Failure Clusters — Collapse 1,000 Identical Failures Into One Root Cause
When something breaks in webhook land, it breaks in waves. Every failed delivery now gets a normalized fingerprint — same root cause, same hash — and a new Failure Clusters page groups the wave into one row. Click any cluster to inspect a sample and replay every matching delivery with one override.
The Wave Problem
When something breaks in webhook land, it breaks in waves. A destination goes down for 10 minutes — that's not one failure, that's every delivery to that destination for those 10 minutes. A Stripe webhook secret rotation — every delivery from that source until you swap the secret on your side. A bad transform deploy — every delivery on that route between deploy and revert.
The events page can sort and filter, but you're still scrolling a list of identical-looking failures. RCA is per-delivery, so if you analyze the first one and then the second and then the third, you're paying for 1,000 Claude calls to find out it's all one bug.
Today we're shipping failure clusters — a different way to look at the failure surface.
What a "Cluster" Is
A cluster is a group of failed deliveries that share a fingerprint — a SHA-256 hash of:
- The route id
- The destination id
- The HTTP response status (or null)
- A normalized excerpt of the response body (UUIDs, timestamps, and digits stripped)
- A normalized excerpt of the error message (same normalization)
- The RCA category, if RCA has run
Normalization is the part that does the work. "Connection timed out after 5234ms" and "Connection timed out after 8901ms" produce the same fingerprint because we replace runs of digits with <num>. UUIDs become <uuid>. ISO timestamps become <ts>. Whitespace collapses. Lowercase.
Two failures that differ only in run-specific numbers cluster together. Two failures that differ in actual cause stay separate.
The Cluster Page
A new Failure Clusters entry in the sidebar opens a page that lists every distinct failure pattern in your chosen window — last hour, 6h, 24h, or 7d. Each row shows:
- Total count
- Number of distinct events affected
- Route → destination
- Response status (if any)
- Error excerpt
- RCA category (if RCA ran on a sample)
- First and last seen
Click any cluster to drill into the sample delivery, with a banner reminding you that N other deliveries failed the same way.
Edit & Replay All
On each cluster row, Edit & Replay all opens a modal you've already seen — same destination / transform / headers / persistTransform override matrix as per-delivery replay-with-edit. Submit, and every delivery in the cluster gets a fresh replay with your overrides.
persistTransform is only allowed when every delivery in the cluster shares a single route — otherwise saving the new code is ambiguous. We reject the request with an explicit PERSIST_TRANSFORM_MULTI_ROUTE error rather than picking one route silently.

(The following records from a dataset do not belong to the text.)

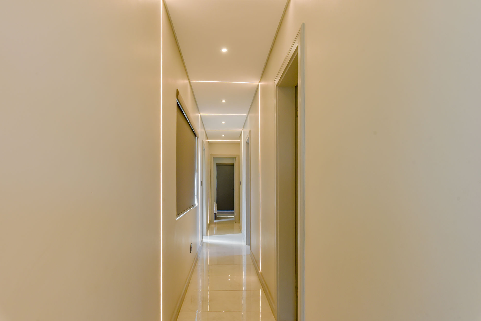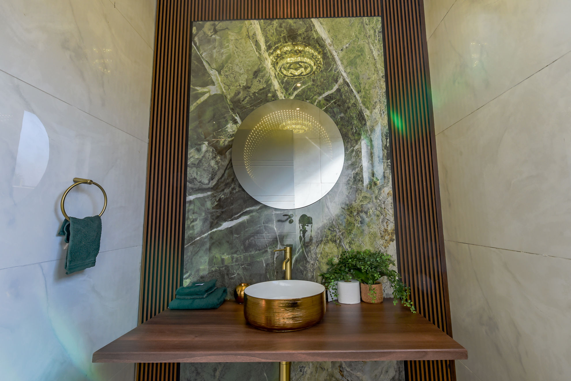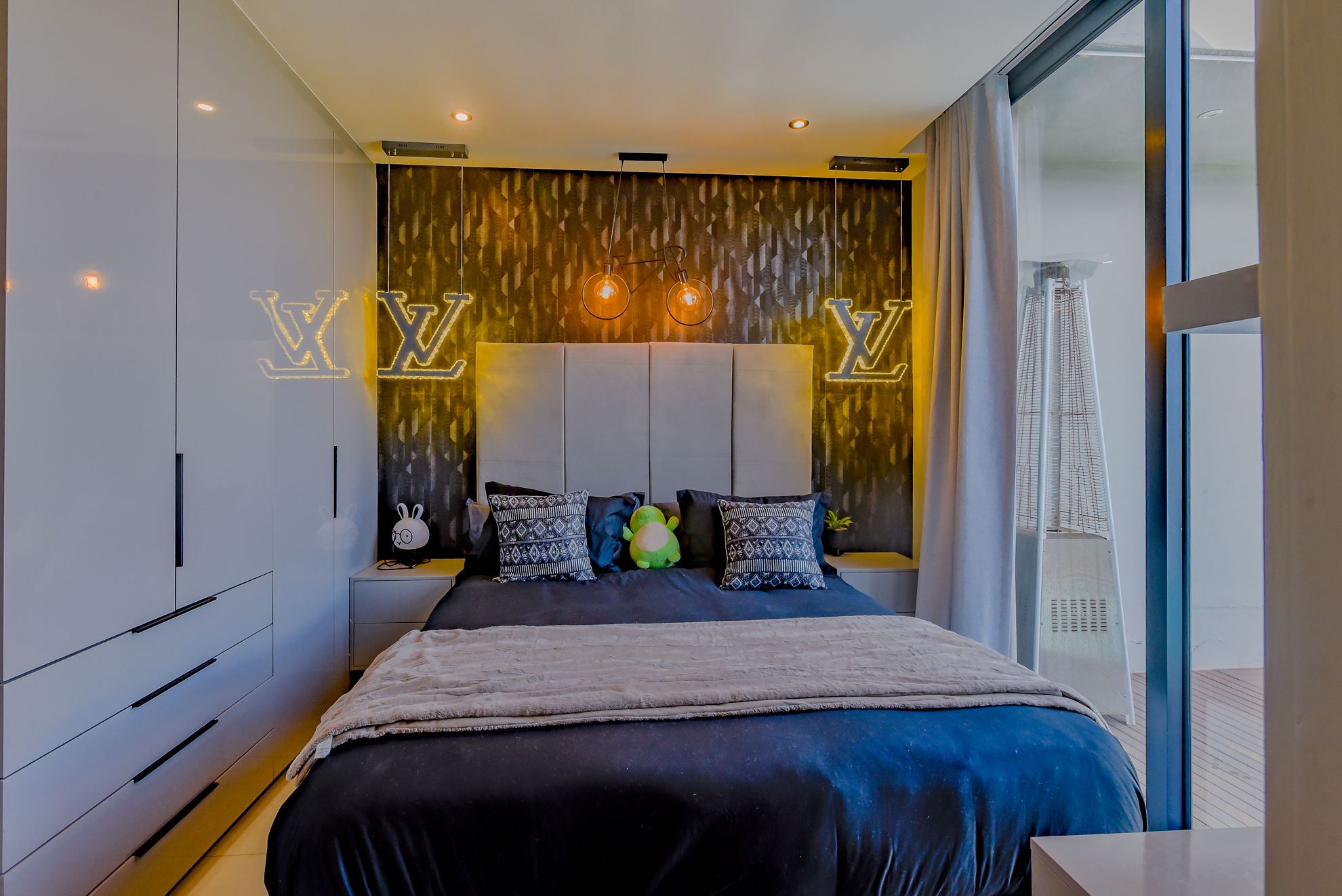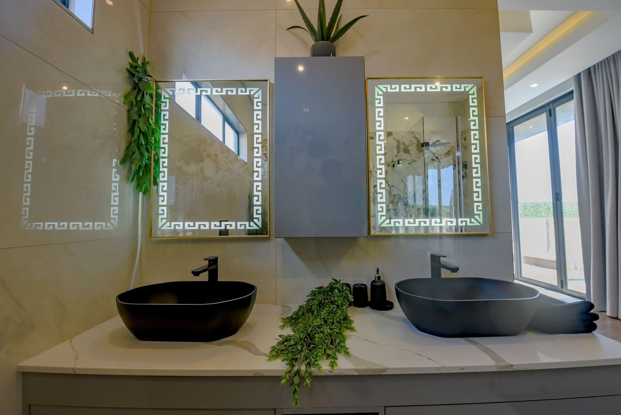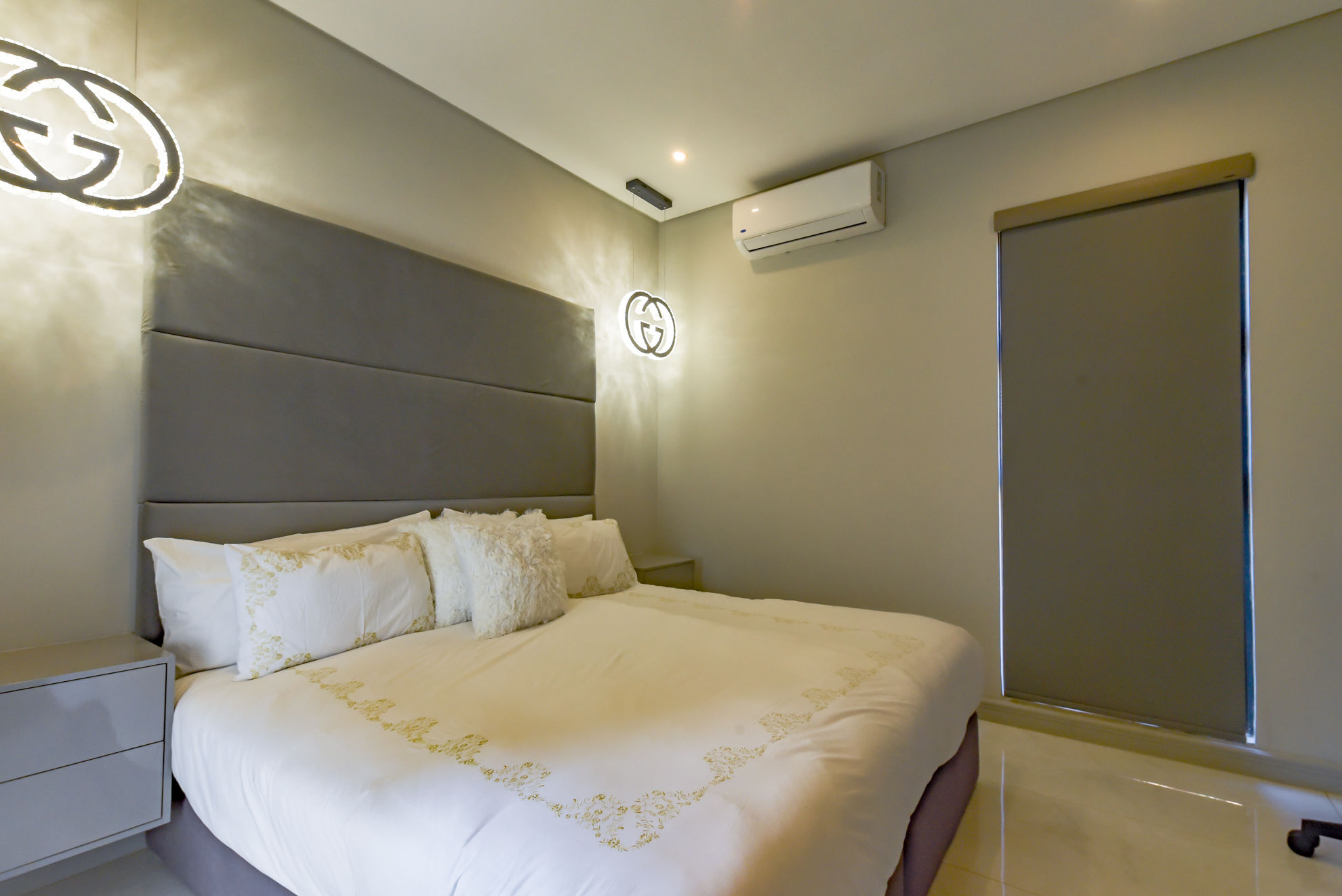 Four luxurious en-suite bedrooms, including a master suite with a walk-in dressing room, full bathroom, and private garden or pool access.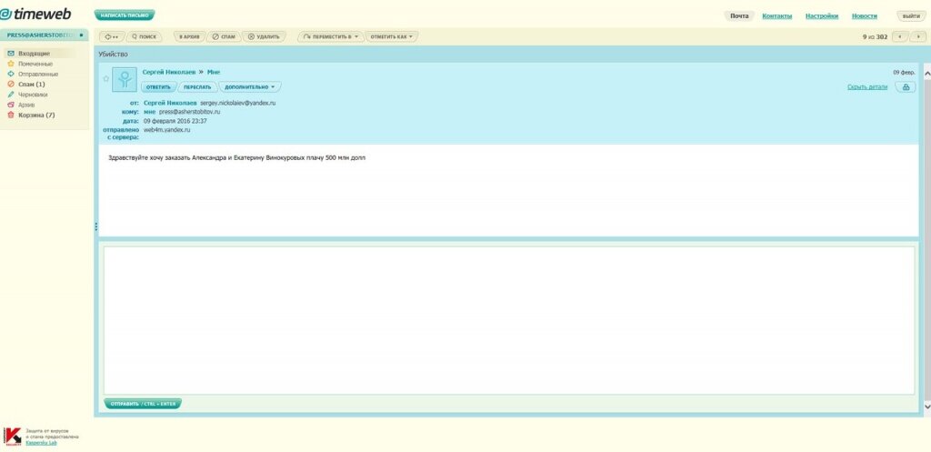 Согласно информации, размещенной в данном письме, которое пришло на электронную почту убийцы, неизвестный обратился с просьбой за крупную сумму ликвидировать Екатерину и Александра Винокуровых, - сообщает Российский Диалог.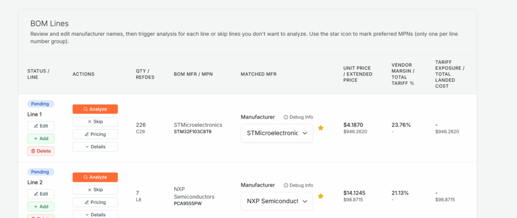 Upload full BOMs to instantly analyze line-by-line tariff exposure, HTS code mapping, and COO data. Export for internal reviews or quoting.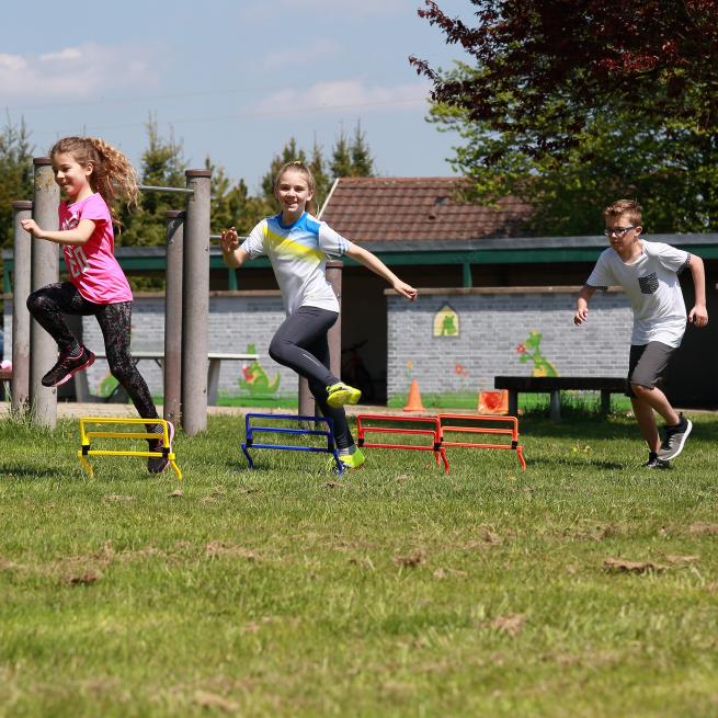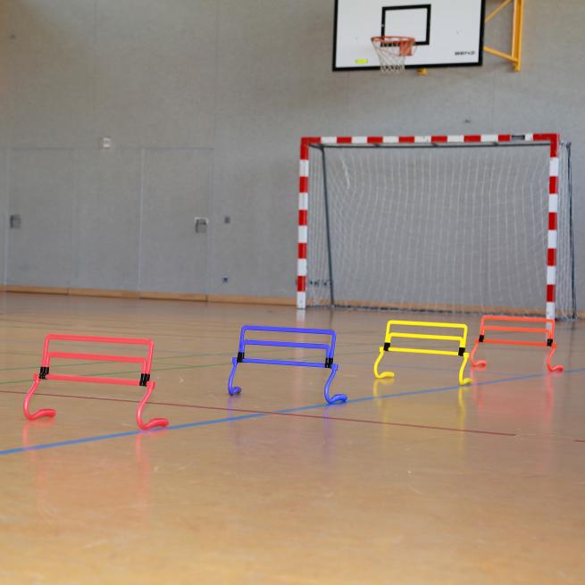Das Set enthält 4 Hürden in den Farben Gelb, Rot, Blau und Orange.
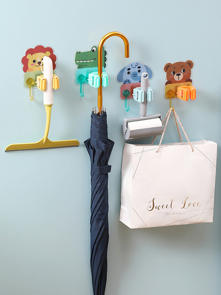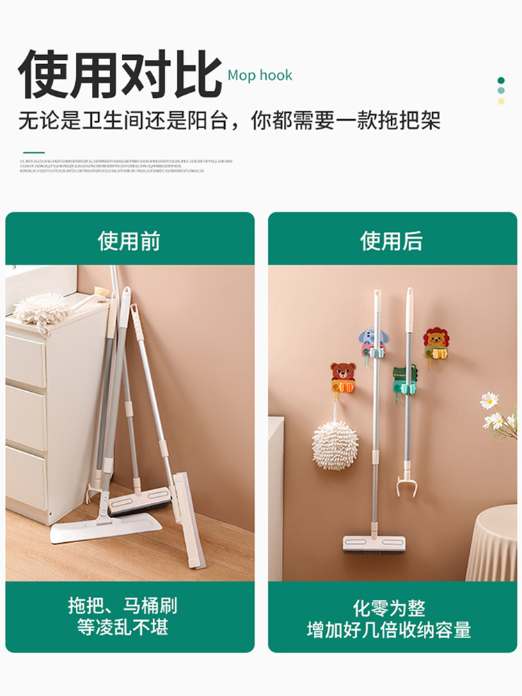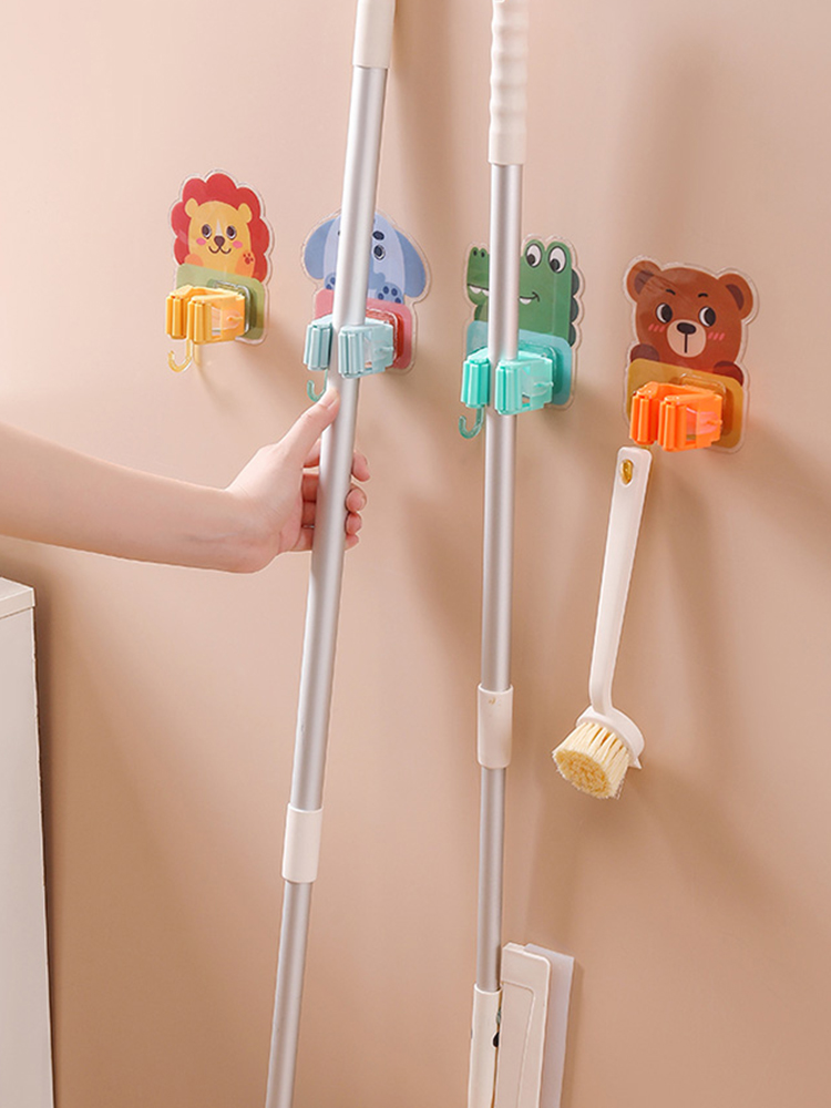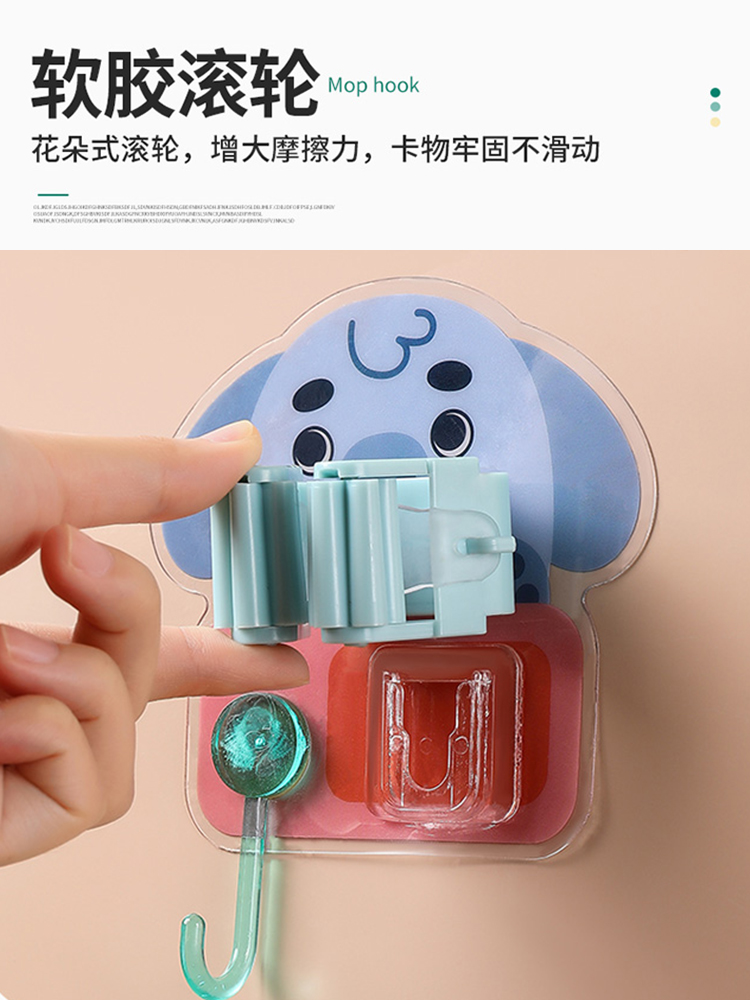 Animal Mop Rack No-Drill Bathroom Mop Holder Mop Hook Strong Wall-Mounted Fixed Clip quantity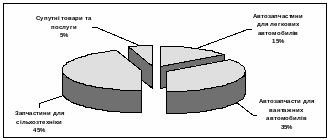 Як бачимо, найбільшу частку в загальному обсязі продажів займають продажу запчастин для вантажних автомобілів і сільгосптехніки. Це викликано тим, що протягом тривалого періоду керівництво підприємства приділяло основну увагу саме цим групам товару, і на даний момент підприємство має стійкі налагоджені зв'язки, як з постачальниками даного виду продукції, так і з підприємствами-споживачами.

The cluster cap is 2,000 deliveries per replay call. Real waves usually fit inside that.
The Inline Banner
Even if you arrive at a failed delivery via the normal events page, the event debugger now shows a small amber banner inside that delivery's card whenever its fingerprint matches more than one delivery:
N other deliveries failed the same way — Same route, destination, status, and error pattern. Replay or fix them together. → View cluster
One click and you're in the cluster view, ready to fix everything at once.
Why This Is the Centerpiece
Replay-with-edit gives you the primitive. Clusters give you the scope. Together they're the difference between "I'll deal with the rest after I figure out the first one" and "I just fixed 1,400 failures with one click."
This is the load-bearing piece for several follow-up features: anomaly-rooted alerts, the failure pattern library, MCP-driven recovery loops — all of them reference clusters. More on those in the coming weeks.